Parameter count grows quadratically with h_dim (the 3×(h+x)×h term), so doubling hidden size roughly quadruples the weight count once x_dim is small relative to h_dim. At h_dim=2, the state is too narrow to encode much beyond a single trend direction — gate values barely move from 0.5, meaning the reset/update gates carry almost no information. At h_dim=32, gate outputs spread much further from 0.5, giving the network more room to specialize per-dimension behavior, but at 4544 parameters for this toy setup the model is now overkill for a single scalar input and risks overfitting a short stock sequence.
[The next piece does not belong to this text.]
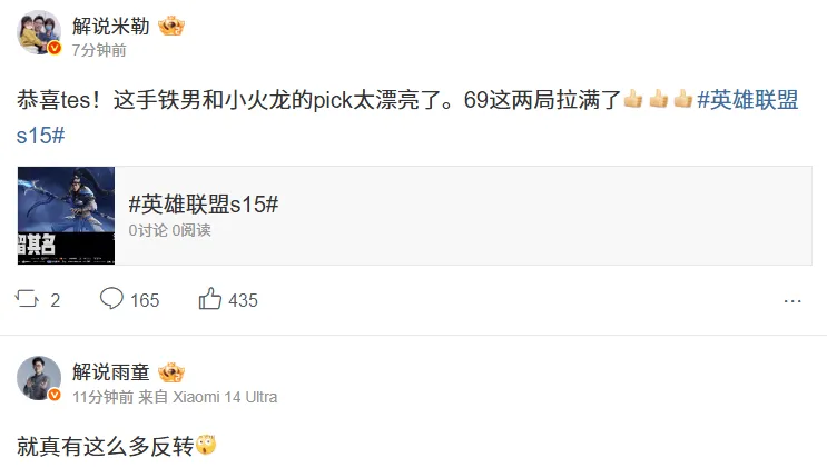虎撲10月25日訊 S15瑞士輪,TES戰(zhàn)勝BLG,說熱晉級八強(qiáng)。議B又支LPL解說發(fā)文熱議。號種

The anchor's h_dim=4 sits in the useful middle: enough capacity to show distinct reset/update behavior per dimension without the parameter count dominating a small dataset.


Code

python
import numpy as np

def sigmoid(z): return 1/(1+np.exp(-z))

h_dim, x_dim = 4, 1
np.random.seed(42)
Wr = np.random.randn(h_dim, h_dim+x_dim) * 0.1; br = np.zeros(h_dim)
Wz = np.random.randn(h_dim, h_dim+x_dim) * 0.1; bz = np.zeros(h_dim)
Wn = np.random.randn(h_dim, h_dim+x_dim) * 0.1; bn = np.zeros(h_dim)

def gru_step(x, h_prev):
    inp = np.concatenate([h_prev, [x]])
    r = sigmoid(Wr @ inp + br)
    z = sigmoid(Wz @ inp + bz)
    inp_reset = np.concatenate([r * h_prev, [x]])
    n_tilde = np.tanh(Wn @ inp_reset + bn)
    h = (1 - z) * h_prev + z * n_tilde
    return h, {'r': r, 'z': z, 'n_tilde': n_tilde}

h = np.zeros(h_dim)
h, gates = gru_step(0.5, h)
print("Reset gate r:    ", np.round(gates['r'], 4))
print("Update gate z:   ", np.round(gates['z'], 4))
print("Candidate ñ:     ", np.round(gates['n_tilde'], 4))
print("New hidden state:", np.round(h, 4))
text
Reset gate r:     [0.4971 0.5068 0.4785 0.4824]
Update gate z:    [0.4932 0.4964 0.5103 0.5025]
Candidate ñ:      [-0.0738 -0.0879  0.0515  0.0487]
New hidden state: [-0.0364 -0.0436  0.0263  0.0245]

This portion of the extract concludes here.